# Mother Teresa in pastel



## jordancorey

This is my first drawing in a long time using pastels. A bit messy to work with but i love using them. Let me know what you think, good or bad.

Chris
http://www.portraitsfromyourphotos.co.uk


----------



## Mr Wilmington

We'll done that is terrific I wish that I was as talented, how long did it take


----------



## jordancorey

Hi Mr Wilmington, thanks for your kind remark. I am not sure how long it took me as I did it over 3 days. It was about 5 or 6 hours in total.

Chris
www.portraitsfromyourphotos.co.uk


----------



## indianpainting

The detailed picture of Mother Teresa is very Beautiful except the white stokes on the wrinkles near eye


----------



## TerryCurley

This is a fantastic likeness to Mother Teresa.
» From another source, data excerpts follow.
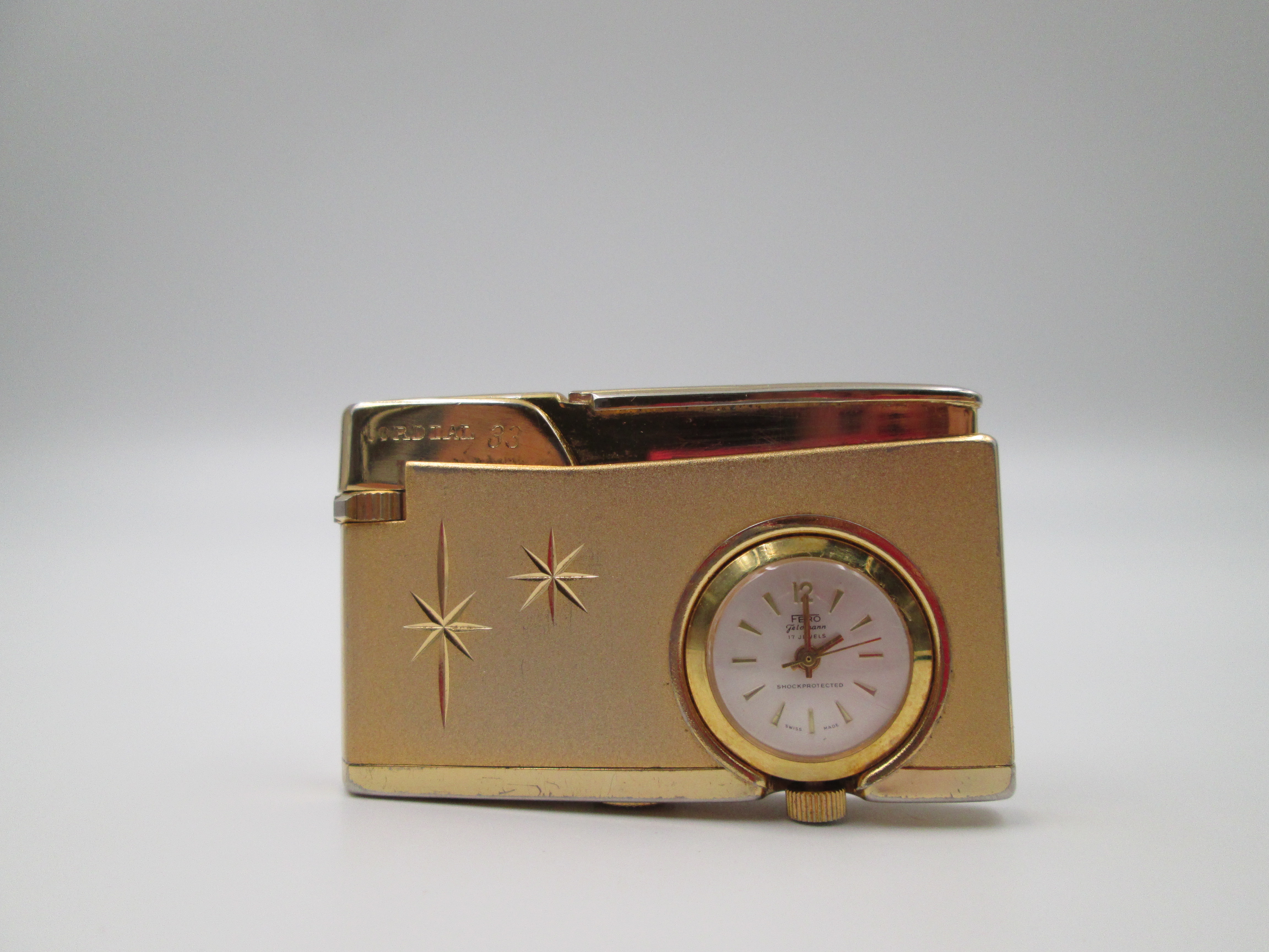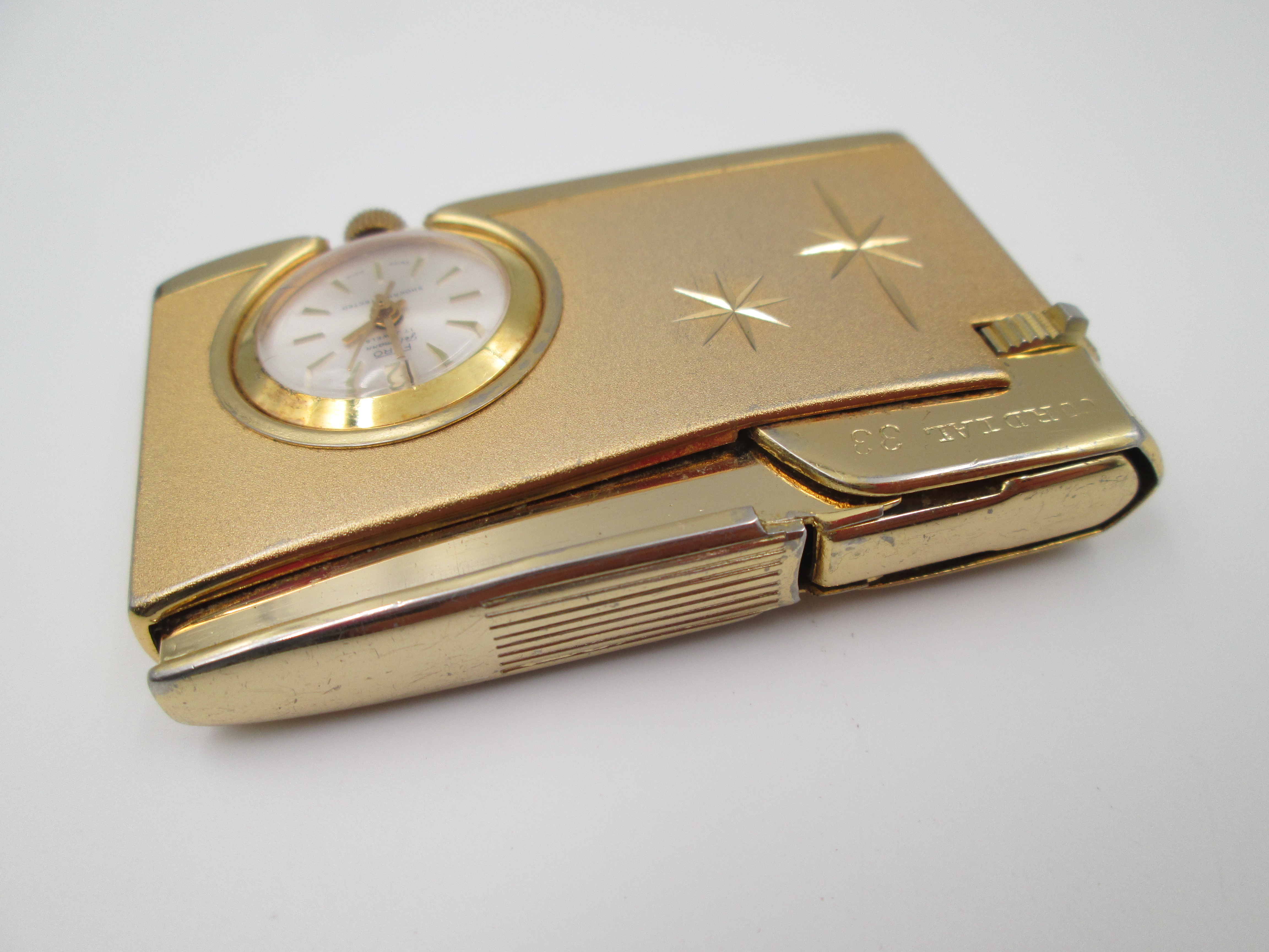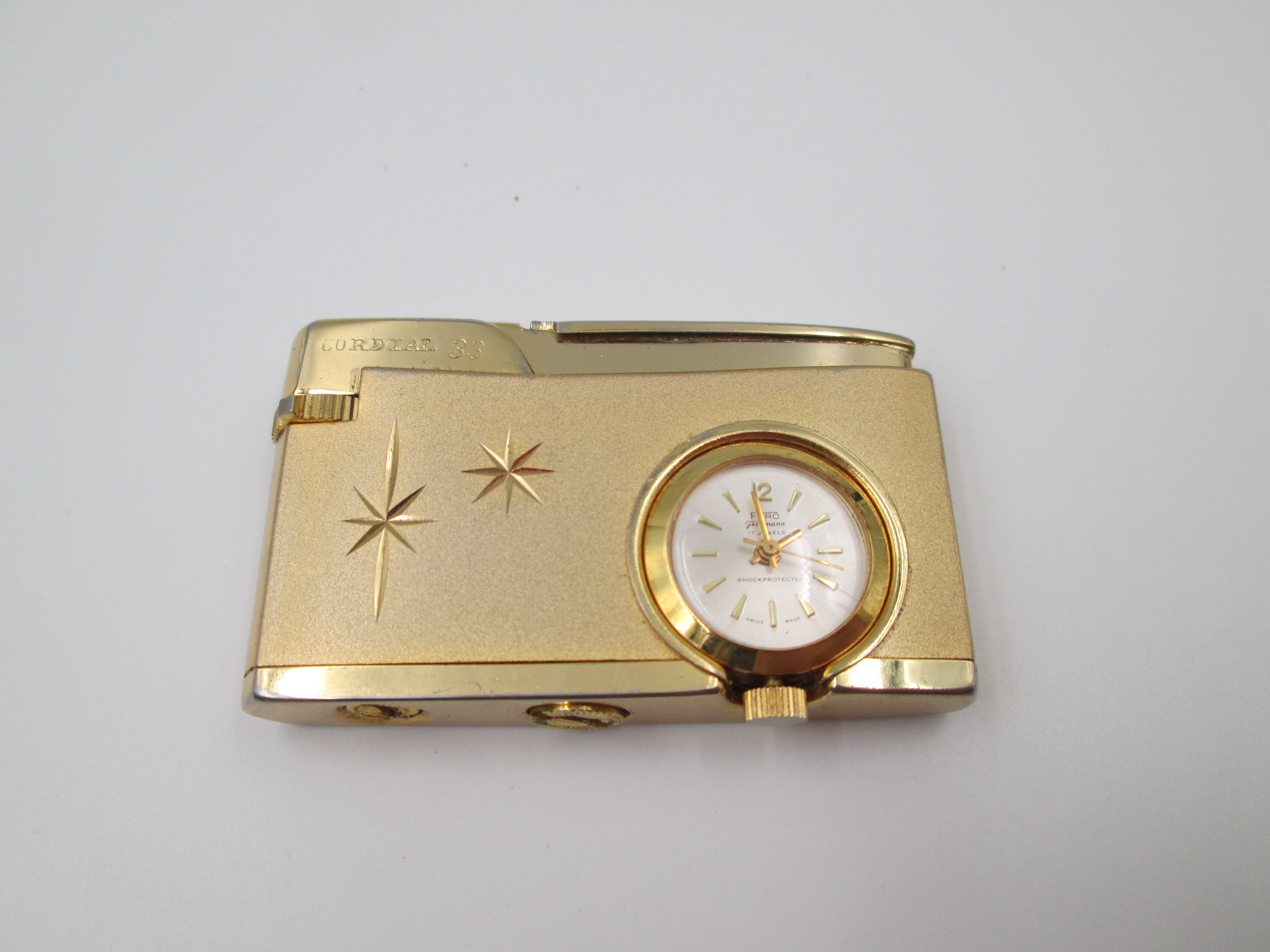 Encendedor a gas Cordial 33 con reloj mecánico Fero. Metal chapado oro. Suiza. 1960
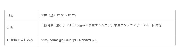 エンジニア学生が自分たちの活動をPRできるLTを実施
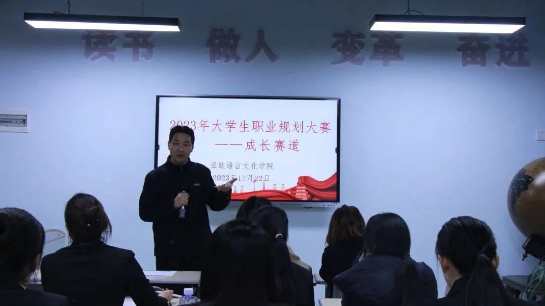 宇文永康在赛前动员讲话时指出。作为新时代有担当的大学生,职业生涯规划需建立在自我认知的基础之上,彰显出大学生作为国家栋梁的精神面貌。他希望,同学们能够在职业生涯规划的过程中找到个人发展方向,珍惜大学校园提供的成长发展平台,珍惜时光,珍惜机会,不断强化自身的专业素养及专业能力,以大赛为引导,增强规划意识,实现以赛促学,提升自身综合素质。鼓励同学们要朝着自身规划的目标努力前行,掌握理论知识的同时充分结合专业技能,更加清晰地明确自己的职业规划。
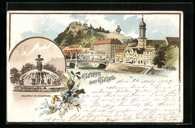Lithographie Graz, Brunnen am Stadtpark, Blick auf Fluss mit Brücke, Häuserzeilen und Kirchturm
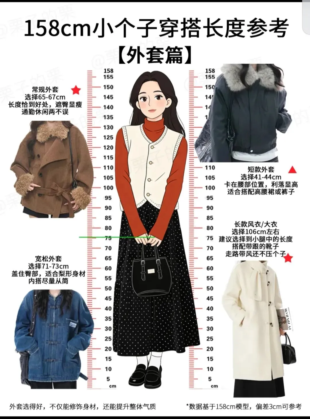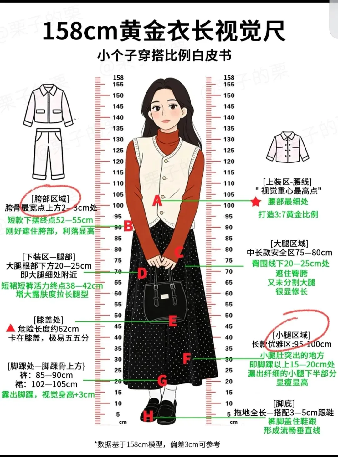 别担心!今天这份专为158cm女生定制的“黄金衣长视觉尺”穿搭指南,将用精准的数据告诉你:选对长度,比选对款式更重要。只要掌握这几个关键数字,视觉增高10cm不是梦!
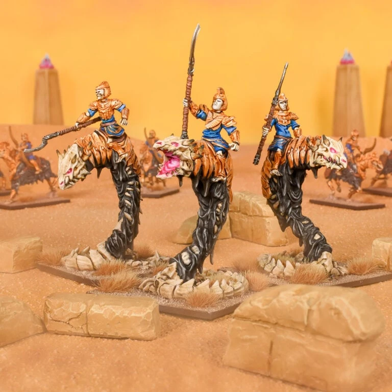 Capturing and riding the great desert sand wyrms was seen as great sport by the Ahmunite nobility and their champions were often bequeathed the finest specimens to reward loyalty and for competition. Even in death, these revenant warriors retain their former skills and wyrms are still captured and used today to carry them to battle.
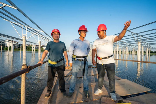 “從乘浮船‘踩點(diǎn)’開始,工作盡量提前,凡事親力親為,特別是三伏天后天氣超熱,我們避開最熱時(shí)段,早上4點(diǎn)就到現(xiàn)場,業(yè)主心疼我,我心疼工友,工友自然干勁足。打樁效率、質(zhì)量直接關(guān)系到后續(xù)光伏面板安裝進(jìn)度和全容量并網(wǎng)任務(wù),不打好提前量,對(duì)不起業(yè)主方的信任厚愛……”,7月16日,茶從湖標(biāo)段已打完4800余根樁基,完成80%以上的任務(wù),光伏面板安裝進(jìn)度超20%。8月15日再找他時(shí),早已在江埠項(xiàng)目堯咀光伏區(qū)鏖戰(zhàn)了。
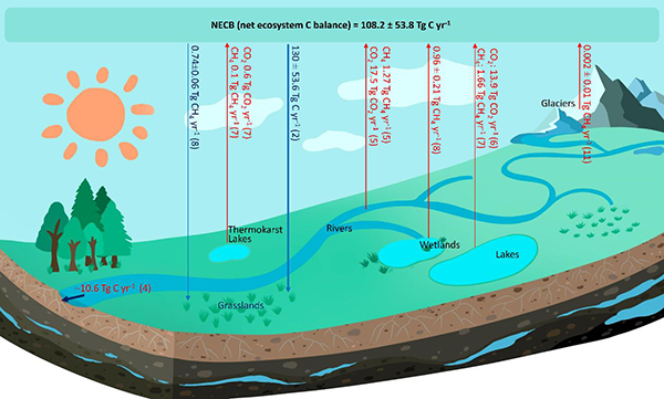 研究发现,高寒草地是重要的CO2和CH4汇,而水体向外界水平输送的碳是主要潜在流失路径。河流通过水平运移和垂向释放(CO2和CH4)共抵消了陆地CO2汇的12.6%,高寒湿地、湖泊、热融湖塘、冰川等通过碳损失抵消了陆地碳汇的4.2%。综上,青藏高原陆表水体路径的碳流失仅抵消高寒生态系统CO2汇的16.8%,陆地生态系统CO2汇仍主导区域净碳平衡。
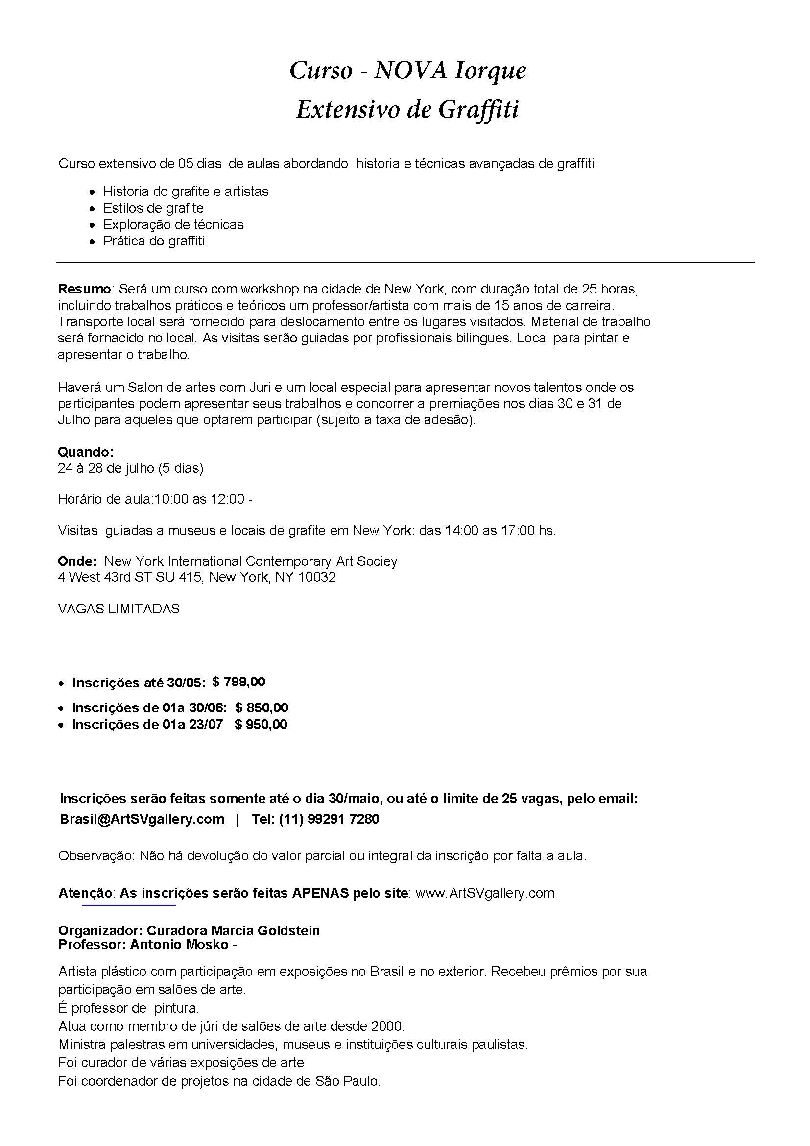 Resumo: Será um curso com workshop na cidade de New York, com duração total de 25 horas, incluindo trabalhos práticos e teóricos um professor/artista com mais de 15 anos de carreira.
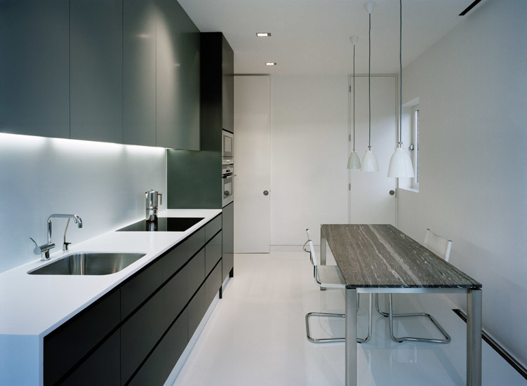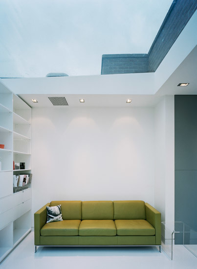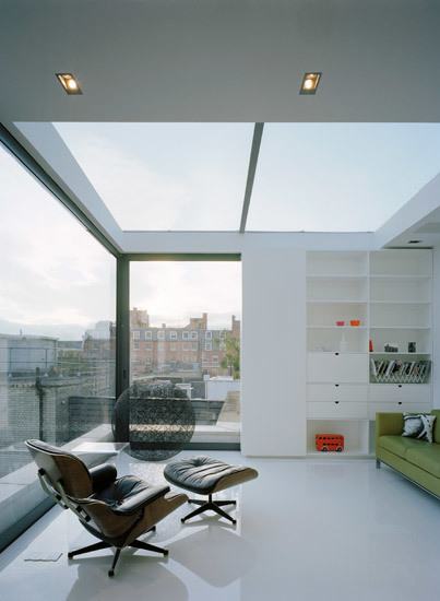 Our proposal was, to extend by building over an existing terrace. Two large sliding doors open into cavities within the walls so that on a good day one can still enjoy the open air.
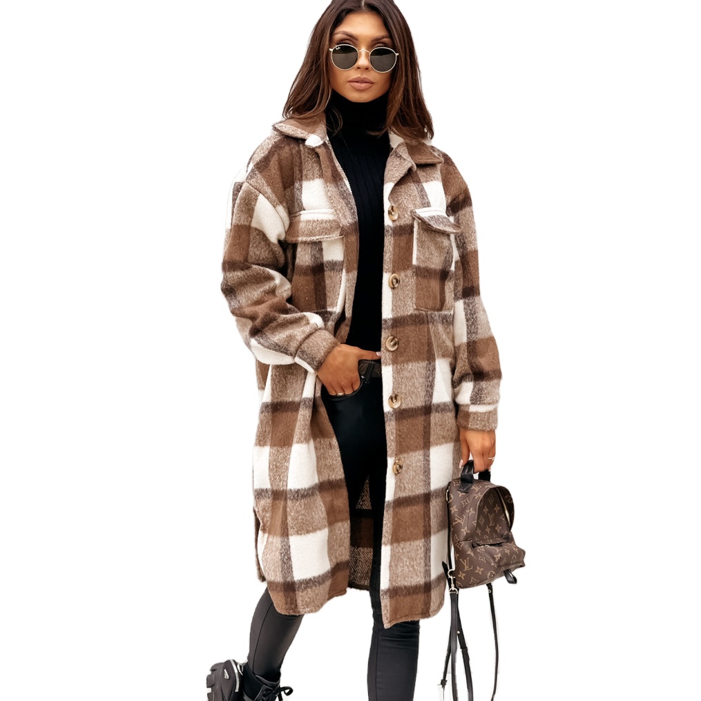 Women Casual Brushed Wool Flap Long Sleeve Coat With Pocket Lapel Single Button Long Plaid Shirt Coats For Ladies
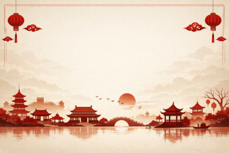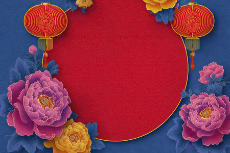 A festive red frame with lanterns and flowers shines against a blue background, creating a joyful scene.
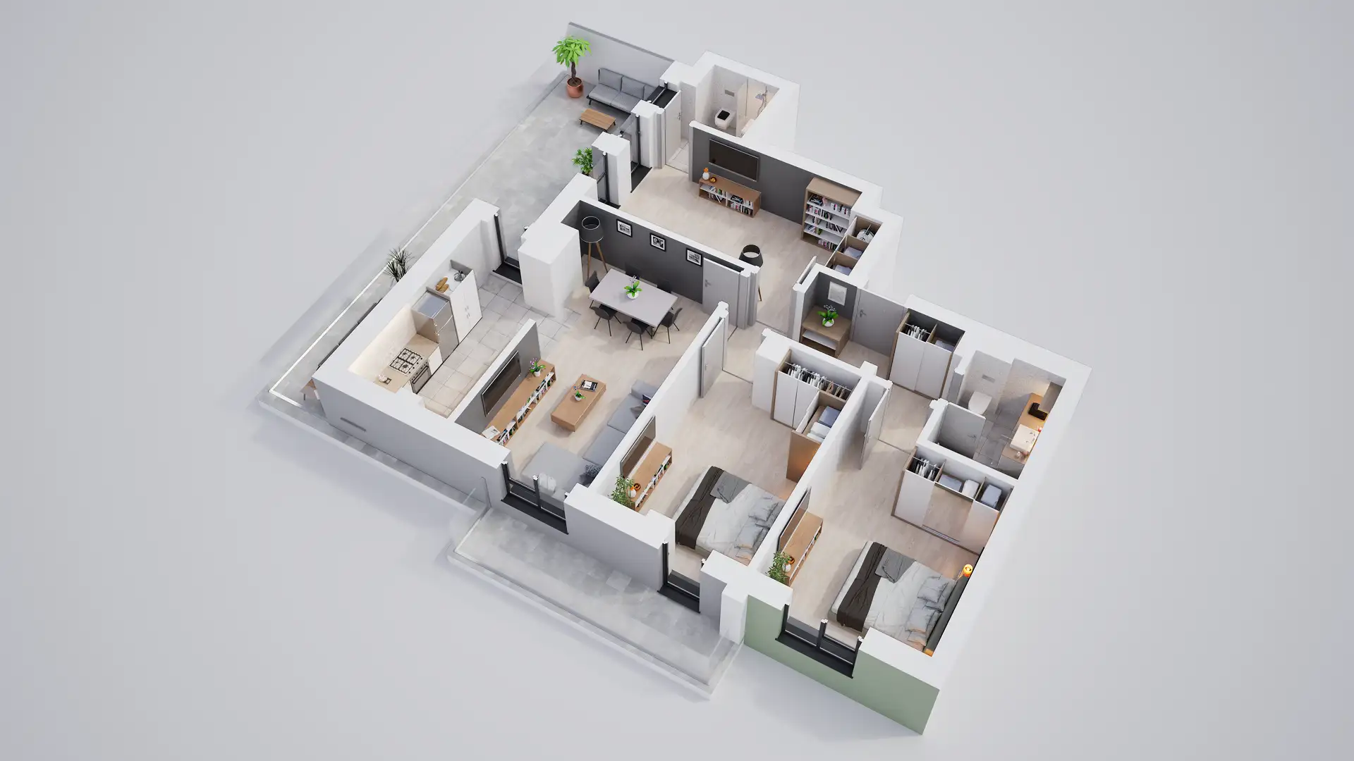 • Terase/Balcoane cu parapet din sticlă securizată, placate cu gresie;
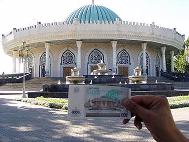 Музей Амира Тимура в Ташкенте и его изображение на купюре достоинством 1000 сум .

Wonderful work.


----------



## aeval

I love it! Hi btw Im new here  Just starting in pastels myself and am at the this is a mystery how to use them stage. But this painting is fantastic.


----------



## TerryCurley

Welcome to the forum. 

I think the artist that did this painting has not been on the forum for a long time. 

I find the best way to get started in a new art medium is to watch YouTube videos on the subject. I do oil painting and have found a real wealth of knowledge on the internet.

Please tell us about yourself. You can open a thread in the category "Introductions". There is some very helpful information on how to do things in the category "Getting Started With ArtistForum.com ".


----------



## jordancorey

I agree with TerryCurley about youtube, it is one of the best ways to learn, that and just doing it, practice, practice and more practice. I use pastels and pastel pencils, and also cotton buds to blend along with my finger and paint brushes. Also a scrap piece of paper so you can rest your hand on it to stop you from smudging the work. If you get something wrong then don't panic, just rework it. Also use pastel paper. I hope that this helps you.


----------



## TerryCurley

Well Hi there Jordancorey. I didn't know you were still hanging around here. Glad to see you back! Your work is so fantastic. I'm hoping you stick around and post some more of your work.


----------



## jordancorey

TerryCurley said:


> Well Hi there Jordancorey. I didn't know you were still hanging around here. Glad to see you back! Your work is so fantastic. I'm hoping you stick around and post some more of your work.


To be honest, i haven't been on here for a while, I just got an email saying that someone had posted in this topic. I will post some more work soon....


----------



## TerryCurley

Great. We have so many new members since you have been here and all of us are friendly and supportive to each other. It's really a fun place to be.


----------